__EXCERPTED DATA__:

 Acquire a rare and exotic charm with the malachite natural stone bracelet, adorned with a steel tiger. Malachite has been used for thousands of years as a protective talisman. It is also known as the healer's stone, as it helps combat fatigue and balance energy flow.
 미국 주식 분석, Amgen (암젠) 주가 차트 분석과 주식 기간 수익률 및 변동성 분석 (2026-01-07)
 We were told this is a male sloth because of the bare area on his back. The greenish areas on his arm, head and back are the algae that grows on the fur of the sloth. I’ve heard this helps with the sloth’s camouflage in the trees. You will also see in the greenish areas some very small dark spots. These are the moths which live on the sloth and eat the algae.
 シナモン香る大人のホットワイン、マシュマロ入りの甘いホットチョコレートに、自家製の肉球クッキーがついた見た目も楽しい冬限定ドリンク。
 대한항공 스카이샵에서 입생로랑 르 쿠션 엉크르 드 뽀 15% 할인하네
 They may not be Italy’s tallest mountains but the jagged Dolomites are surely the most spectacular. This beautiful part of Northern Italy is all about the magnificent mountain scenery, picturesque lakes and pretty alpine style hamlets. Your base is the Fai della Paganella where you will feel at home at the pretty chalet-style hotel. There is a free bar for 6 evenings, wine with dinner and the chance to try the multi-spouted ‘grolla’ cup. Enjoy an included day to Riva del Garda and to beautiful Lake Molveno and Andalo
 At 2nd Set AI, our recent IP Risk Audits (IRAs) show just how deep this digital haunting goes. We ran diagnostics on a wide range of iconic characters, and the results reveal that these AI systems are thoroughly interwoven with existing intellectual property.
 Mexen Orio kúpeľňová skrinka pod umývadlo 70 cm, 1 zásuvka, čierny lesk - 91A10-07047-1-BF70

---

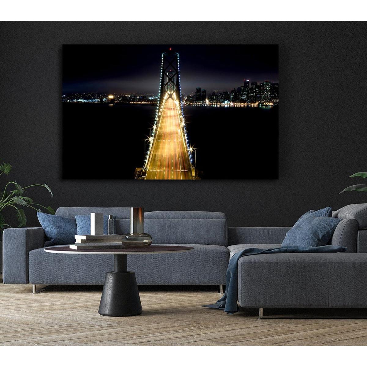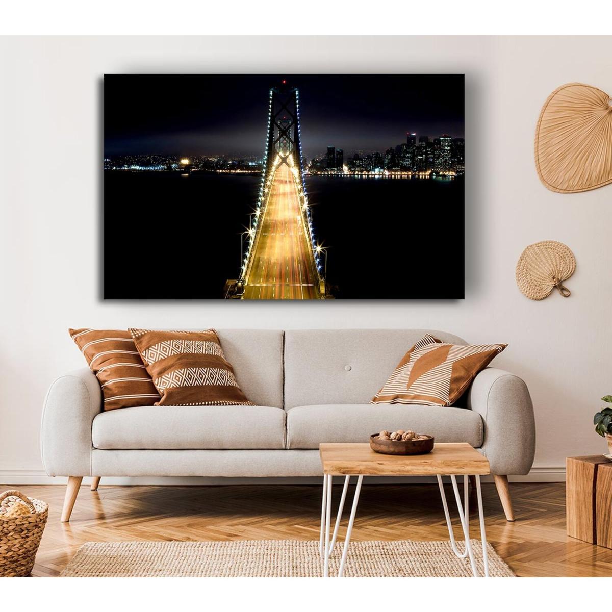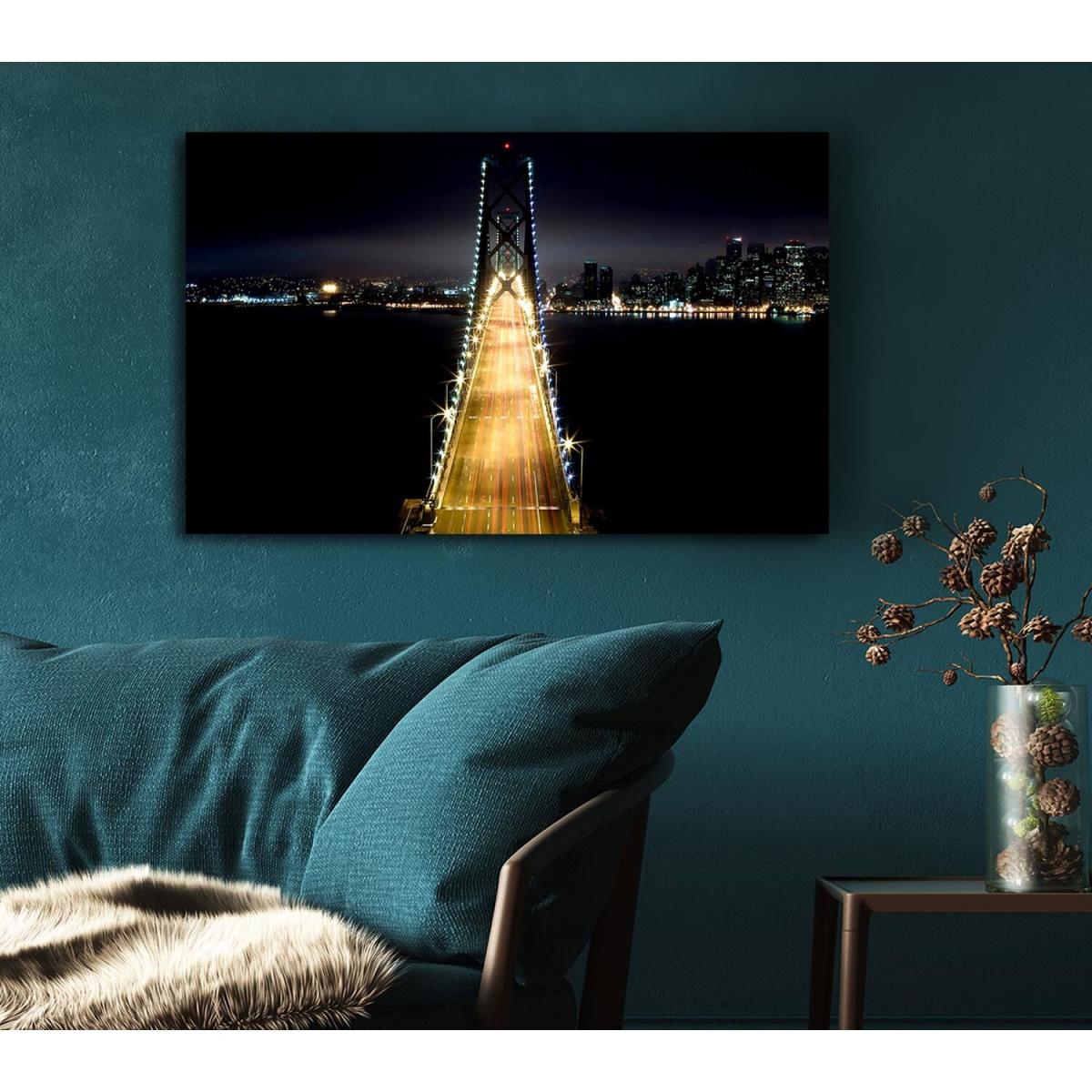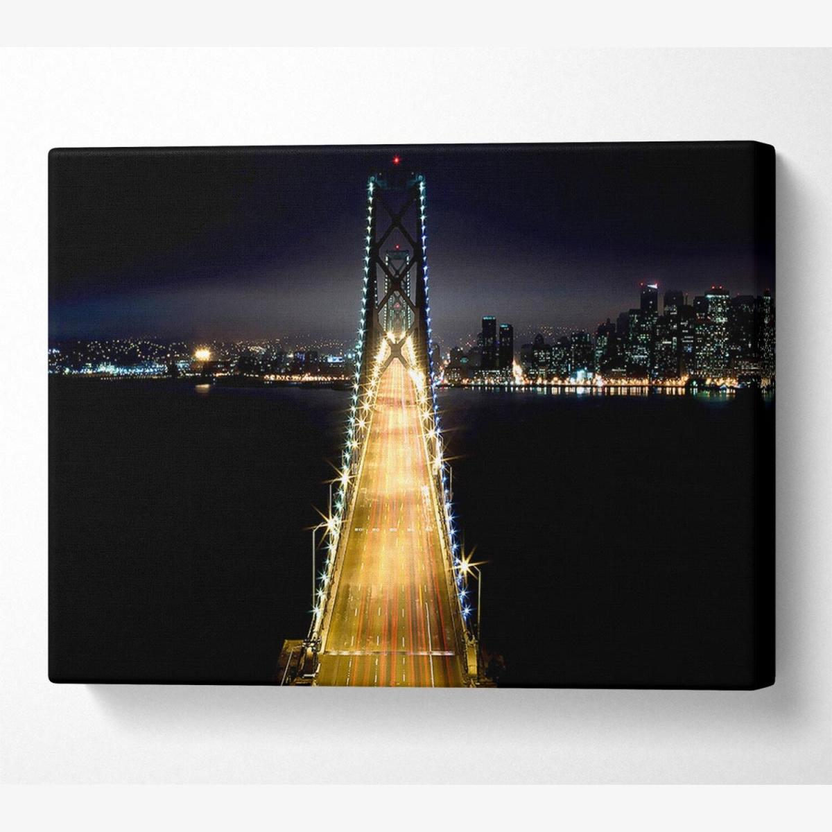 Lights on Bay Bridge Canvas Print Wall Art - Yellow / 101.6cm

__EXERCISE OBJECTIVE__: From the listing above, return each line with the word "that".

__EXERCISE OUTPUT__:
 We were told this is a male sloth because of the bare area on his back. The greenish areas on his arm, head and back are the algae that grows on the fur of the sloth. I’ve heard this helps with the sloth’s camouflage in the trees. You will also see in the greenish areas some very small dark spots. These are the moths which live on the sloth and eat the algae.
 At 2nd Set AI, our recent IP Risk Audits (IRAs) show just how deep this digital haunting goes. We ran diagnostics on a wide range of iconic characters, and the results reveal that these AI systems are thoroughly interwoven with existing intellectual property.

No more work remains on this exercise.